WORK TO COMPLETE: Using only the entries below, copy exactly the lines that begin at the one with "主持人在簡單介紹之后,本次會" and end at the one with "4. Грузозахватное устройство", both included. Drop the pictures.

DATA FOR THIS EXERCISE:
%%

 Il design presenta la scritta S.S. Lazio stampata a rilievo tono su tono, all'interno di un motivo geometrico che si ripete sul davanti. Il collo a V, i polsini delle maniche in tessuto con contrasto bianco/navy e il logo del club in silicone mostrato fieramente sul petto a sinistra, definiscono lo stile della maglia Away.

%%
%%

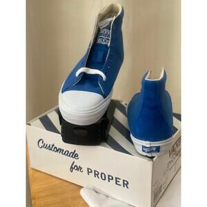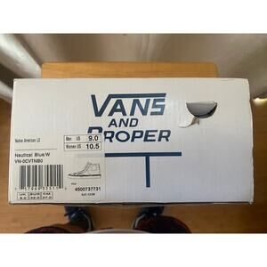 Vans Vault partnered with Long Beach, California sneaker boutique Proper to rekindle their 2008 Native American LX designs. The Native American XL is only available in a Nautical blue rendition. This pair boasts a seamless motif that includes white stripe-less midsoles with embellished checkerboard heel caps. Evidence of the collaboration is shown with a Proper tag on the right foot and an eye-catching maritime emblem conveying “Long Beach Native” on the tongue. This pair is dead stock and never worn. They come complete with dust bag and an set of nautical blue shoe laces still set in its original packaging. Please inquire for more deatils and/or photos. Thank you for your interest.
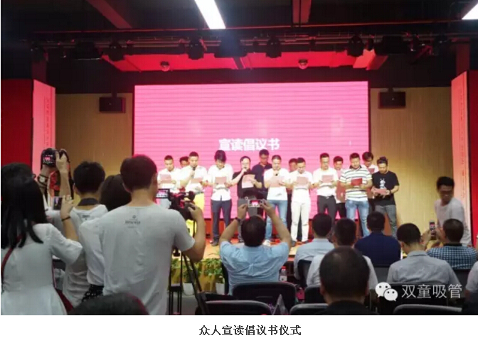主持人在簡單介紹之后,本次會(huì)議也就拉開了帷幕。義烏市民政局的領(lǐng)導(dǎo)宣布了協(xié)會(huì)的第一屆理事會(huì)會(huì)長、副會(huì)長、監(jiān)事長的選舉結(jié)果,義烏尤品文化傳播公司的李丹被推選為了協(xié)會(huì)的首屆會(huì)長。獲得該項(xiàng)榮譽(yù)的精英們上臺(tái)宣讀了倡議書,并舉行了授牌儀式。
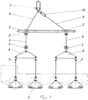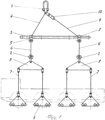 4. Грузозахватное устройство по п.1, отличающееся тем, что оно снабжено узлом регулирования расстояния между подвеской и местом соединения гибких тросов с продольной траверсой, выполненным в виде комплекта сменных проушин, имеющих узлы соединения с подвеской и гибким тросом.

%%

RESPONSE TO THIS TASK:
主持人在簡單介紹之后,本次會(huì)議也就拉開了帷幕。義烏市民政局的領(lǐng)導(dǎo)宣布了協(xié)會(huì)的第一屆理事會(huì)會(huì)長、副會(huì)長、監(jiān)事長的選舉結(jié)果,義烏尤品文化傳播公司的李丹被推選為了協(xié)會(huì)的首屆會(huì)長。獲得該項(xiàng)榮譽(yù)的精英們上臺(tái)宣讀了倡議書,并舉行了授牌儀式。
 4. Грузозахватное устройство по п.1, отличающееся тем, что оно снабжено узлом регулирования расстояния между подвеской и местом соединения гибких тросов с продольной траверсой, выполненным в виде комплекта сменных проушин, имеющих узлы соединения с подвеской и гибким тросом.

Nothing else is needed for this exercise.